Start of Dataset section

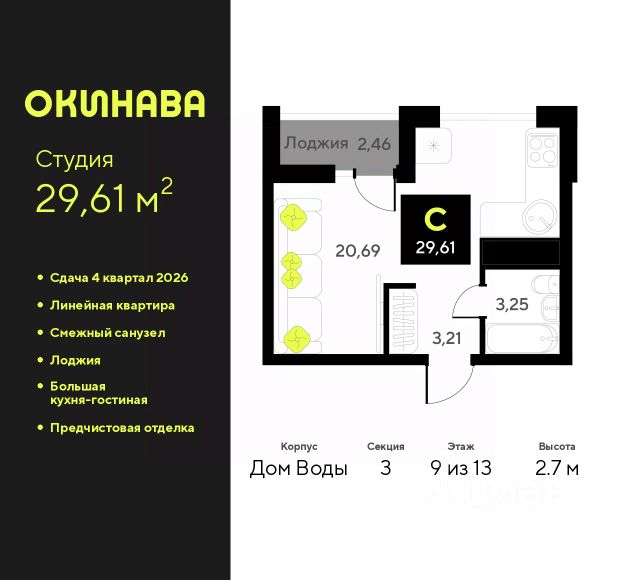 Просторная 1-комн. квартира-студия с предчистовой отделкой в ЖК "Окинава" на 9 этаже. Общая площадь: 29.61 кв.м., площадь гостиной 20.69 кв.м., из которых 5 кв.м. выделено под кухонную зону. Все окна выходят на одну сторону. В квартире одна лоджия, один совмещенный санузел. Высота потолков 2.7 м.
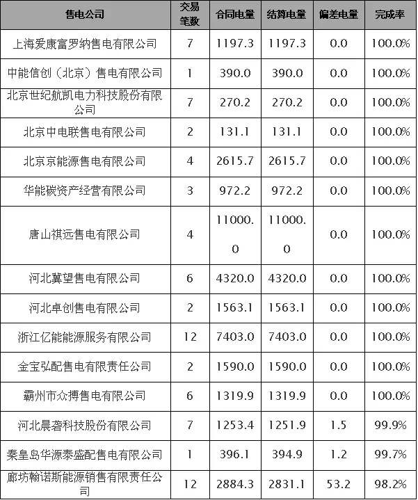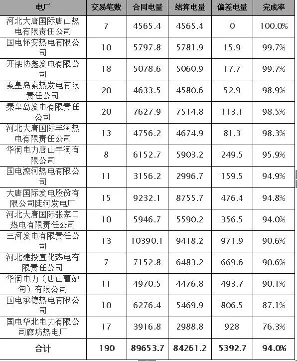 15家冀北統(tǒng)調(diào)電廠參與直接交易,合同電量8.97億千瓦時(shí),實(shí)際結(jié)算電量8.43億千瓦時(shí),完成率約94.0%。
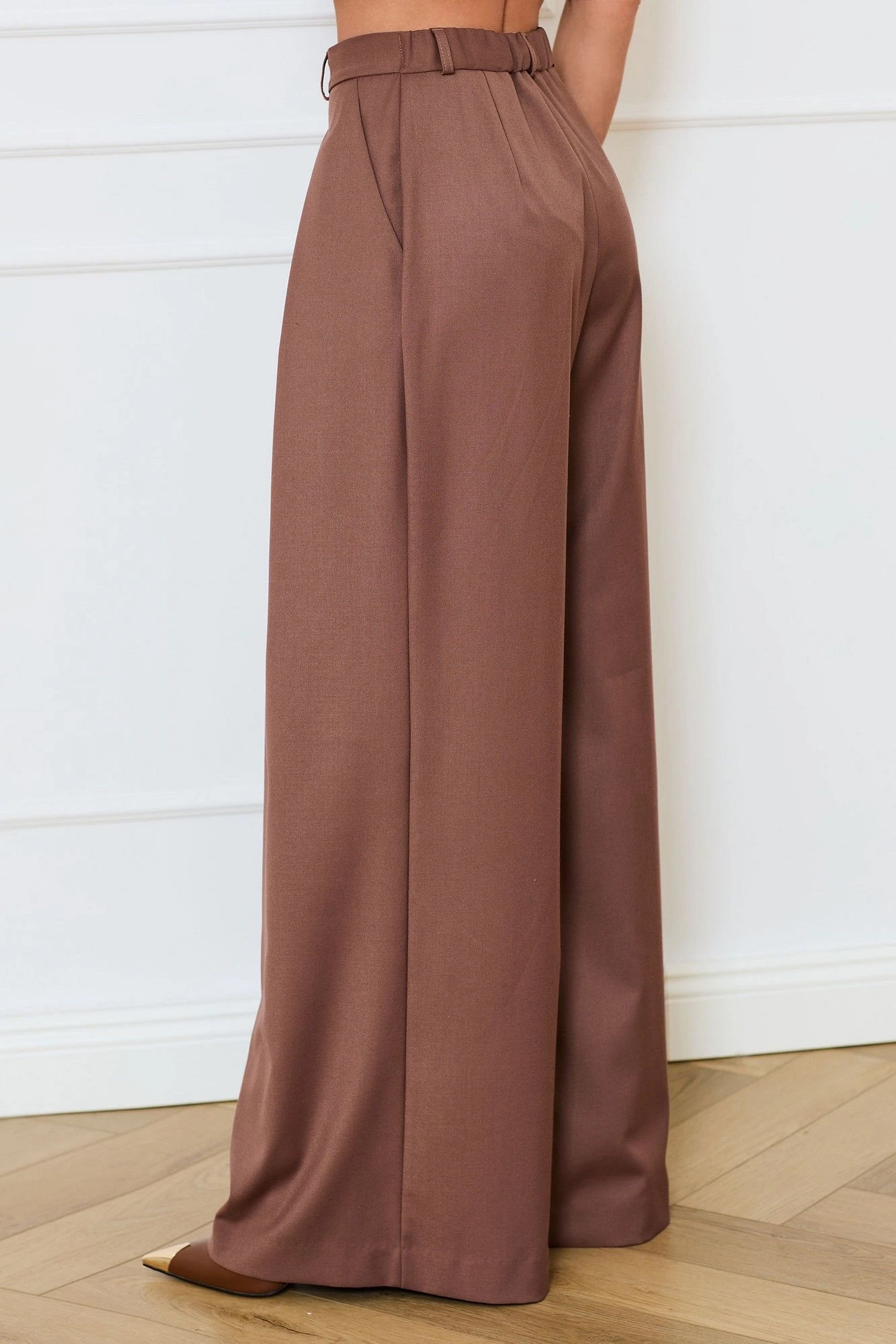 Брюки- расширенного силуэта, с отрезным поясом, застежкой- гульфик. Пояс в области спинки присборен на резинку. В боковых швах расположены карманы. Вход в карман наклонный к боковому шву.

End of Dataset section

• [What to work on]:
When you copy the data above, keep each line exact and omit the pictures.

• [Answer to this problem]:
 Просторная 1-комн. квартира-студия с предчистовой отделкой в ЖК "Окинава" на 9 этаже. Общая площадь: 29.61 кв.м., площадь гостиной 20.69 кв.м., из которых 5 кв.м. выделено под кухонную зону. Все окна выходят на одну сторону. В квартире одна лоджия, один совмещенный санузел. Высота потолков 2.7 м.
 15家冀北統(tǒng)調(diào)電廠參與直接交易,合同電量8.97億千瓦時(shí),實(shí)際結(jié)算電量8.43億千瓦時(shí),完成率約94.0%。
 Брюки- расширенного силуэта, с отрезным поясом, застежкой- гульфик. Пояс в области спинки присборен на резинку. В боковых швах расположены карманы. Вход в карман наклонный к боковому шву.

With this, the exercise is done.